**Exercise directions:** In the data below, which lines contain "during"? List them by copying each one.
[Input data Boundary: Start]
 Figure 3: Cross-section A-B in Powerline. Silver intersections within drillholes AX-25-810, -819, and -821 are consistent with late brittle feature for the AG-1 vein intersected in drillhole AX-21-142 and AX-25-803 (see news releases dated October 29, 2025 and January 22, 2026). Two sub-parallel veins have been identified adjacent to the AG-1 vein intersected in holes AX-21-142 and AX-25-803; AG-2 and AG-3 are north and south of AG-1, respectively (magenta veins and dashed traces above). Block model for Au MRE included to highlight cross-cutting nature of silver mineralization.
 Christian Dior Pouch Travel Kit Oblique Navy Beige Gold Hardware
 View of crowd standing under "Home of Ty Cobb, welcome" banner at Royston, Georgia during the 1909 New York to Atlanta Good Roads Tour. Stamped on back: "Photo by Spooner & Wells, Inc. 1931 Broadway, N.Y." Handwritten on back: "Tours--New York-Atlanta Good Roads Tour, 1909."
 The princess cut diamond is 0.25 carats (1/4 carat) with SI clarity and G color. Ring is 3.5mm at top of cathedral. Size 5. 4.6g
[Input data Boundary: End]
[Input data Boundary: Start]
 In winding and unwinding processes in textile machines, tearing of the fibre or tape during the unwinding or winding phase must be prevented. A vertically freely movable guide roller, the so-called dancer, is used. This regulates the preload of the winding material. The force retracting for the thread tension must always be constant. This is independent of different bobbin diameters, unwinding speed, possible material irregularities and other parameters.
[Input data Boundary: End]
**Answer:**
 View of crowd standing under "Home of Ty Cobb, welcome" banner at Royston, Georgia during the 1909 New York to Atlanta Good Roads Tour. Stamped on back: "Photo by Spooner & Wells, Inc. 1931 Broadway, N.Y." Handwritten on back: "Tours--New York-Atlanta Good Roads Tour, 1909."
 In winding and unwinding processes in textile machines, tearing of the fibre or tape during the unwinding or winding phase must be prevented. A vertically freely movable guide roller, the so-called dancer, is used. This regulates the preload of the winding material. The force retracting for the thread tension must always be constant. This is independent of different bobbin diameters, unwinding speed, possible material irregularities and other parameters.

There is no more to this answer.